What’s the difference between Session-based authentication and JWTs?
Here’s a simple breakdown for both approaches:
Session-Based Authentication
In this approach, you store the session information in a database or session store and hand over a session ID to the user.
Think of it like a passenger getting just the Ticket ID of their flight while all other details are stored in the airline’s database.
Here’s how it works:
1 - The user makes a login request and the frontend app sends the request to the backend server.
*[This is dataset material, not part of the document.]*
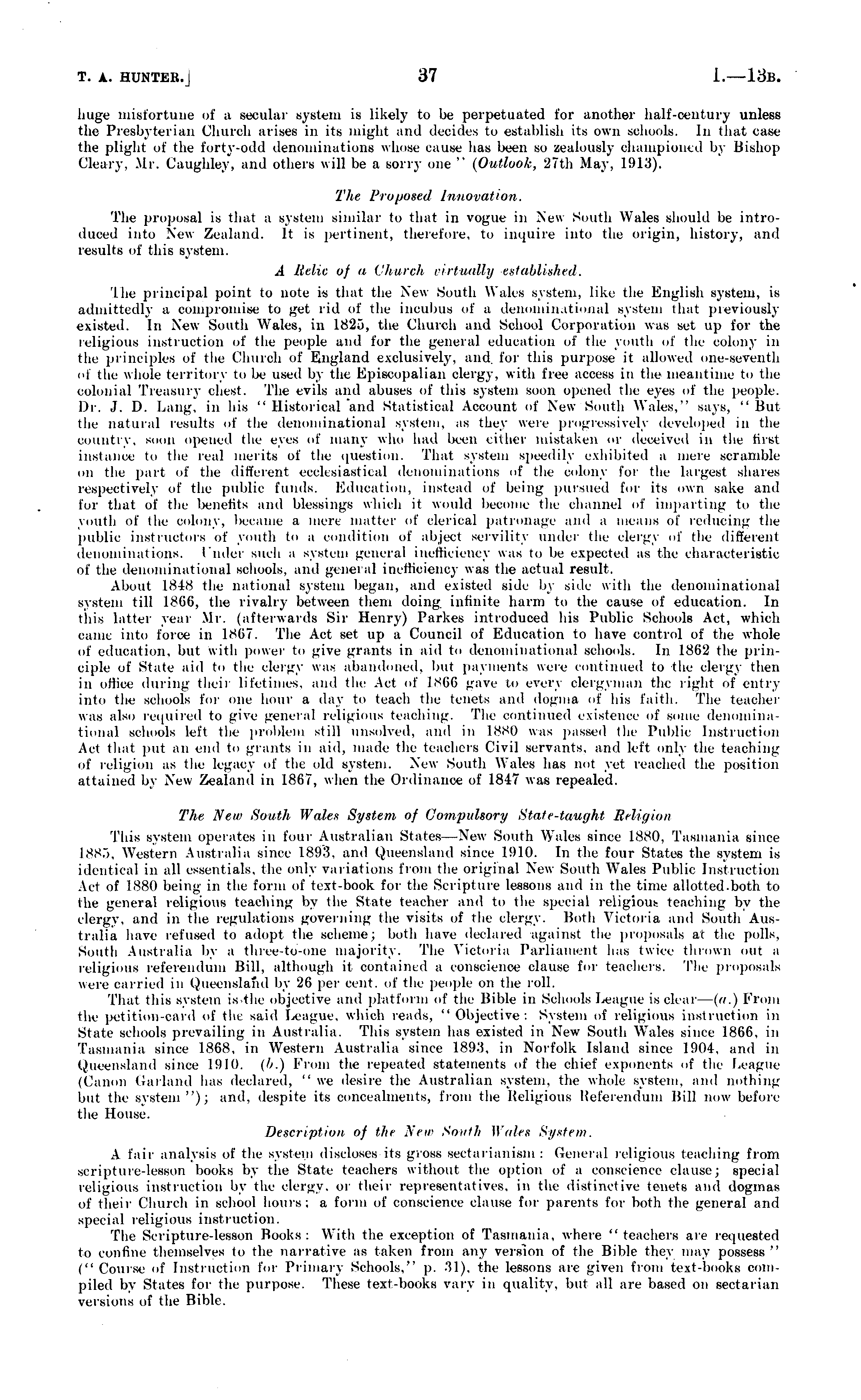 huge misfortune of a .secular system is likely to be perpetuated for another half-century unless the Presbyterian Church arises in its might and decides to establish its own schools. In that case the plight of the forty-odd denominations whose cause lias been so zealously championed by Bishop Cleary, Mr. Caughley, and others will be a sorry one " (Outlook, 27th May, 1913). The Proposed Innovation. The proposal is that a system similar to that in vogue in New Smith Wales should be introduced into New Zealand. It is pertinent, therefore, to inquire into the origin, history, and results of this system. A Relic of a Church virtually established. Ihe principal point to note is that the New South Wales system, like the English system, is admittedly a compromise to get rid of the incubus of a denominational system that previously existed. In New South Wales, in 1820, the Church and School Corporation was set up for the religious instruction of the people and for the general education of the youth of the colony in the principles of the Church of England exclusively, and for this purpose it allowed one-seventh of the whole territory to be used by the Episcopalian clergy, with free access iii the meantime to the colonial Treasury chest. The evils and abuses of this system sunn opened the eyes of the people. Dr. J. D. Lang, in his " Historical "and Statistical Account of New South Wales," says, "But the natural results of the denominational system, as they were progressively developed in the country, soon opened the eyes of many who had been either mistaken or deceived in the tirst instance to the real merits of the question. That system speedily exhibited a mere scramble on the part of the different ecclesiastical denominations of the colony for the largest shares respectively of the public funds. Education, instead of being pursued for its own sake and for that of the benefits and blessings which it would become the channel of imparting to the youth of the colony, became a mere matter of clerical patronage and a means of reducing the public instructors of youth to a condition of abject servility under the clergy of the different denominations. Under such a system general inefficiency was to lie expected as the characteristic of the denominational schools, and general inefficiency was the actual result. About 1848 the national system began, and existed side by side with the denominational system till ISGO, the rivalry between them doing, infinite harm to the cause of education. In this latter veal , Mr. (afterwards Sir Henry) l'arkes introduced his Public Schools Act, which calm into force in 1807. The Act set up a Council of Education to have control of the whole of education, but with power t" give grants in aid to denominational schools. In 1862 the principle of State aid to the clergy was abandoned, but payments were continued to the clergy then in office during their lifetimes, and the Act of 1866 gave to every clergyman the right of entry into the schools for one hour a day to teach the tenets and dogma of his faith. The teacher was also required to give general religious teaching. 'I , hi' continued existence of some denominational schools left the problem still unsolved, and in 1880 was passed the Public Instruction Act that put an end to grants in aid, made the teachers Civil servants, and left only the teaching of religion as the legacy of the old system. New South Wales has not yet reached the position attained by New Zealand in 1867, when the Ordinance of 1847 was repealed. The Neir South Wales System of Compulsory State-taught Religion This system operates in four Australian States—New South Wales since LBBO, Tasmania since 1885, Western Australia since IS!).'', and Queensland since 1910. In the four States the system is identical in all essentials, the only variations from the original New South Wales Public Instruction Act of 1880 being in the form of text-book for the Scripture lessons and in the time allotted.both to I Ik , general religious teaching by the State teacher and to the special religious teaching by the clergy, and in the regulations governing the visits of the clergy. Both Victoria and South Australia have refused to adopt the scheme; both have declared against the proposals at the polls. South Australia by a three-to-one majority. The Victoria Parliament has twice thrown out a religious referendum Bill, although it contained a conscience , clause for teachers. The proposals were carried in Queensland by '-'(i per cent, of the people on the roll. That this svsteni is the objective and platform of the Bible in Schools League is clear — (a.) From the petition-card of tin said League, which reads, "Objective: System of religious instruction in State schools prevailing in Australia. This system has existed in New South Wales since 1866, in Tasmania since 1868, in Western Australia since 1893, in Norfolk Island since 11)04. and in Queensland since MHO. ('/.) From the repeated statements of the chief exponents of the League (Canon Garland has declared, "we desire the Australian system, the whole system, and nothing lint the system"); and. despite its concealments, from the Religious Referendum Bill now before the House. Description of tin New South Wales System. A fair analysis of the system discloses its gross sectarianism : General religious teaching from scripture-lesson books by the State teachers without the option of a conscience clause; special religious instruction by the clergy, or their representatives, in the distinctive tenets ami dogmas of their Church in school hours; a form of conscience clause for parents for both the general ami special religious instruction. The Scripture-lesson Rooks; With the exception of Tasmania, where "teachers are requested to confine themselves to the narrative as taken from any version of the Bible they may possess" (" Course of Instruction for Primary Schools." p. 31), the lessons are given from text-books compiled by States f

2 - The backend creates a session using a secret key and stores the data in session storage.
3 - The server sends a cookie back to the client with the unique session ID.
4 - The user makes a new request and the browser sends the session ID along with the request.
5 - The server authenticates the user using the session ID.
JWT-Based Authentication
In the JWT-based approach, you don’t store the session information in the session store.
The entire information is available within the token.
Think of it like getting the flight ticket along with all the details available on the ticket but encoded.
Here’s how it works:
1 - The user makes a login request and it goes to the backend server.
2 - The server verifies the credentials and issues a JWT. The JWT is signed using a private key and no session storage is involved.
3 - The JWT is passed to the client, either as a cookie or in the response body. Both approaches have their pros and cons but we’ve gone with the cookie approach.
4 - For every subsequent request, the browser sends the cookie with the JWT.
5 - The server verifies the JWT using the secret private key and extracts the user info.